The problem is... the arts increase slower, but with this points you also buy spells and items, and if your magi can make lvl 40 spells/items in one season or learn them from lab texts he make 40 exp in one season (with high end lab texts probably far more than this) ... even if he learns from two weak tractati (with 10 quality each) and do nothing special the next season he would get 64 exp (including exposure exp) per year... with affinitys or Virtues like book learner and an used 4. season per year in this season he could learn from a mundane teacher things like Intrigue, Leadership, Teaching, Artes Liberales, Philosophy, languages, Concentration ect with a study total of 20 per season) even with tractati with 10 quality (or learning from Vis) an old magus could get easily 80 exp per year for his stats/spells.

Edit: the weakness of official magi against player magi of our group is very obius if you look at magi like Falke ex Bjornaer or Dariuz ex Miscellanea... oh guy... they are less powerfuler in nearly everything than the magi in my group... after comparing the stats I was shocked -,-

Erik's right, don't let all the magi out at the same time.

I started running into problems where my magi were acting like teams of Jedi jumping around, waving hands, and generally telling the custos and grogs to 'stand back'.

You drop the magi's numbers to one or two and have the other players play custos and grogs and magi should start yelling 'Stand in front of me!"

I've got another trick for you to consider.

PLANT MONSTERS.

No one studies Herbam. :wink:

Certain Ex Miscellanea Hedge Wizards do. :mrgreen:

Which is why some Flambeau enjoy an added interest in the realm of fire... :smiling_imp:

Plant monsters...

:laughing:

Late in the night our indomitable Tytalus was finishing up some odds and ends....he was walking throught the woods when a tree whacked him...hard. His response to this was quite predictable...Fire. The Tree ran away, with the Tytalus throwing water on the fire as it ran away...

I still fee the quality levels are too high...

Flamable critters won't slow down the flambeau to much.

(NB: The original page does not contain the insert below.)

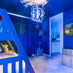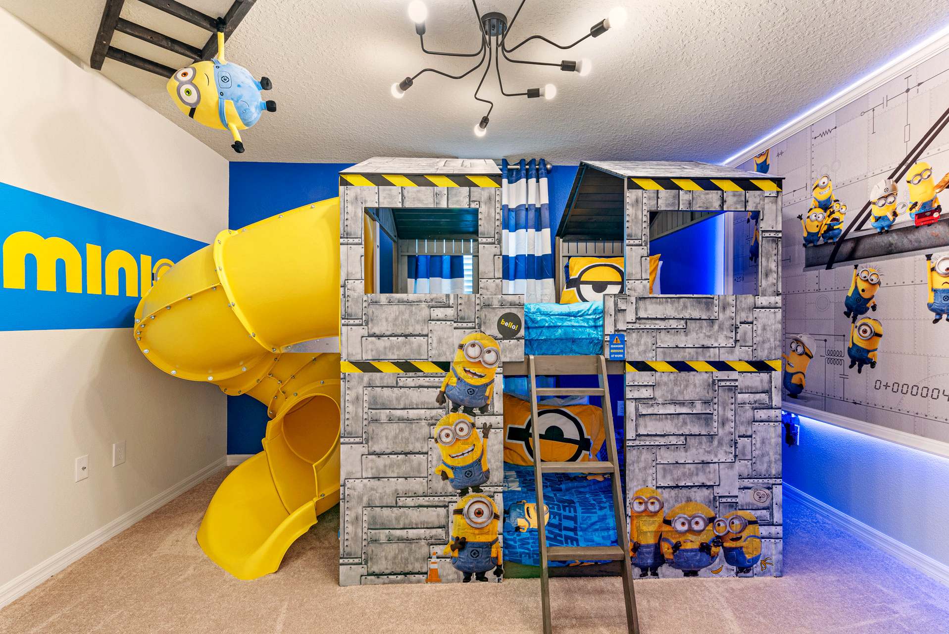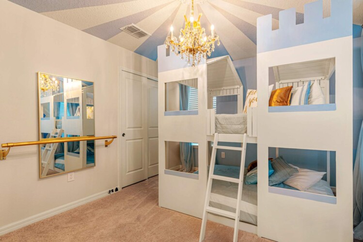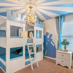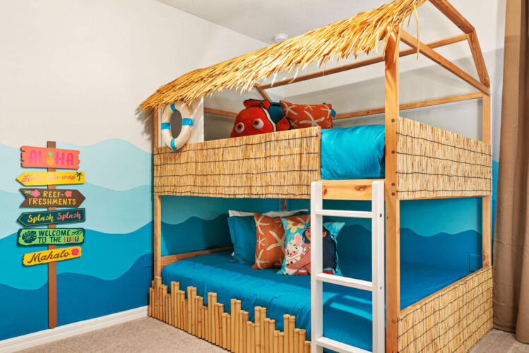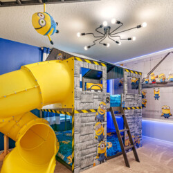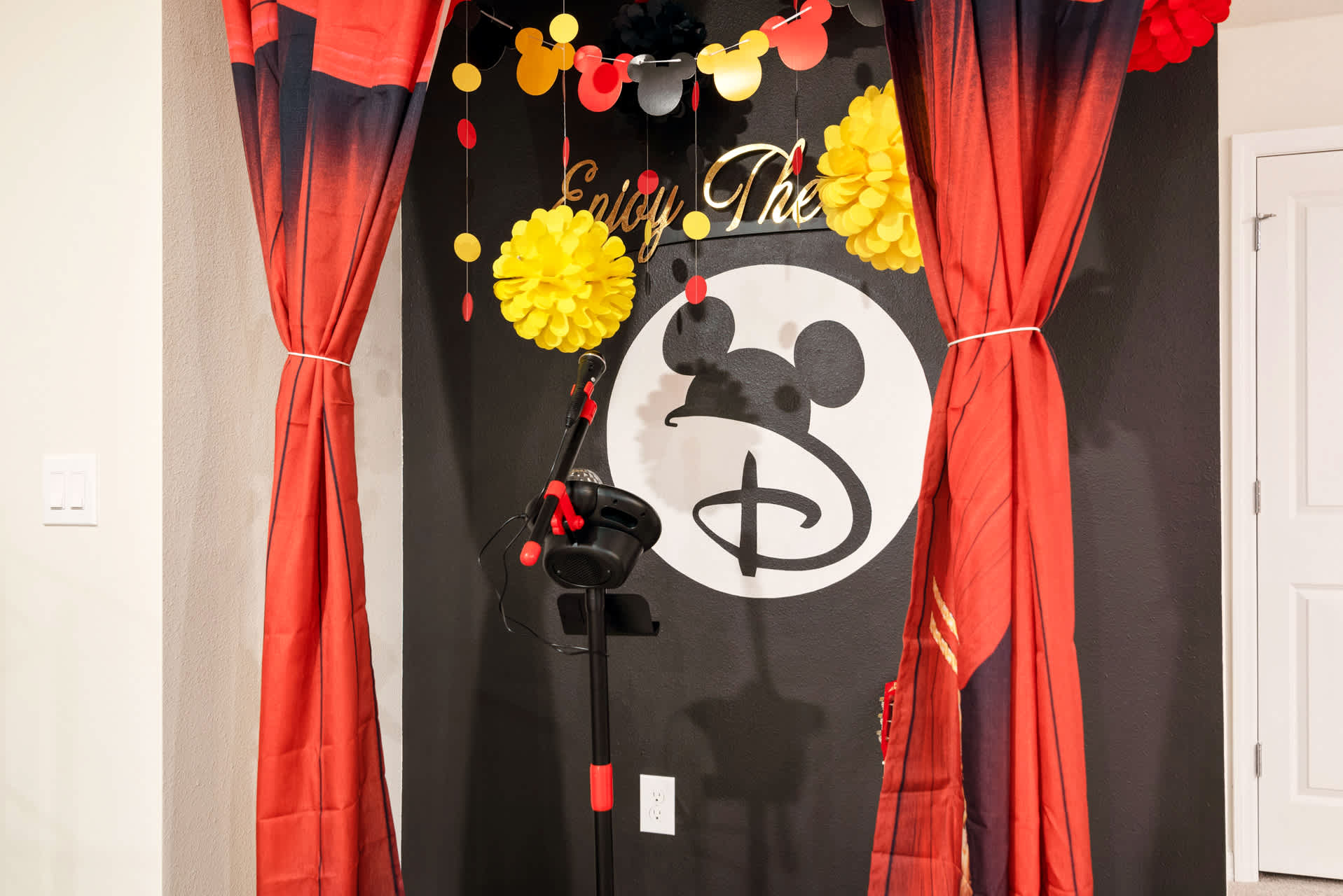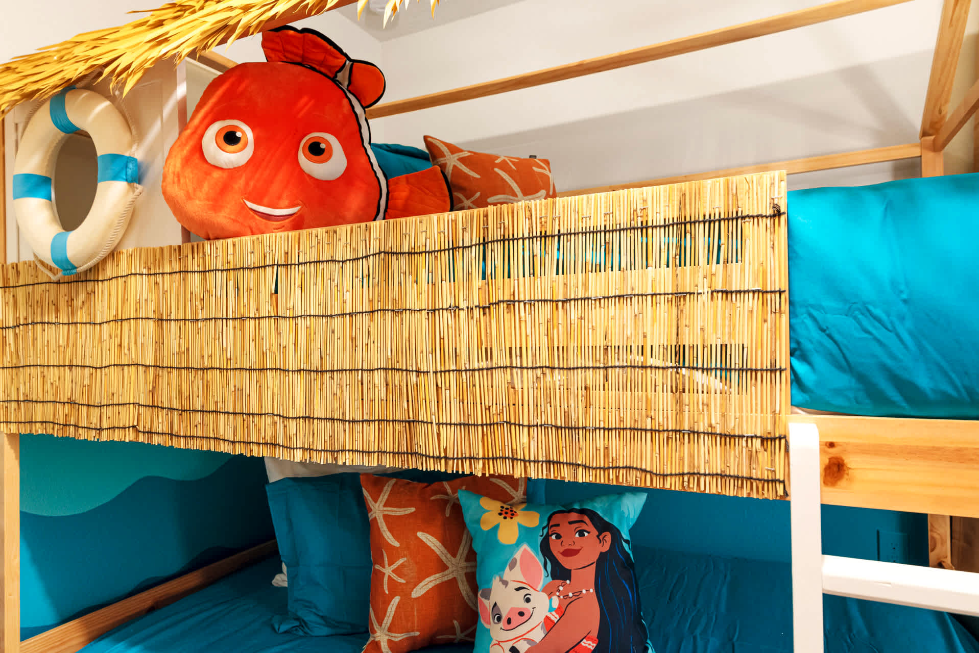 Enjoy the superhero-themed game room and a second-floor kids’ corner with a magical Mickey karaoke stage. Sleeping arrangements include:

It seems fairly high powered to me...

walking off a penetration of 45 says a Parma of 9(!) with form bonuses, doesn't it? If so... wow. We have one character with a Parma of 7, but then he put most of his experience into Parma when we were playing 4E and in the conversion he was...benefitted. (Edit-- 5 parma, 20ignem, that's very feasible for 20+ years, I was thinking a form bonus, not the whole score)

Do they have Area Lores? How many languages do they speak fluently? Not all texts are going to show up conveniently written in Latin. Do they have any social skills--guile, intrigue, folk ken, leadership? If not, then I'd imagine they'll get taken for their boots at Tribunal as various issues get brought to bear [didn't you say Stonehenge Tribunal, with the machinations of Blackthorn? and Fudares across the channel? If not, politics in any Tribunal should be fairly sticky]... And you'd mentioned that one of them has two apprentices? I guess he teaches them both together in one season, and then gives a season to the covenant, and then puts them to work? Perhaps a higher ranking Bonisagus magus will show up, and irritated at the substandard education he feels the apprentices are receiving, will steal one away?

Have they worked up talismen, or investigated strange magicks, or been caught in strange regios? Or are we looking at fairly hard-core lab rats?

We also don't let more than one magus out at a time [and we're only 7-10 years out of Gauntlet], unless they're up to something serious-- a trio of fae unseelie sisters and their pet dragon, or a trip to negotiate/communicate with a covenant that had gone silent were the most recent ones.

As far as plant monsters go, there are some trees that can only pop their pine cones when a fire starts... I'd hate to be chased by an angry burning tree that was intent on turning me into some sort of pulpy salsa with a smoky aftertaste.

-Ben.

It could be Parma 5, Ignem 20. You get to add your whole form score to your magic resistance, not just the form bonus.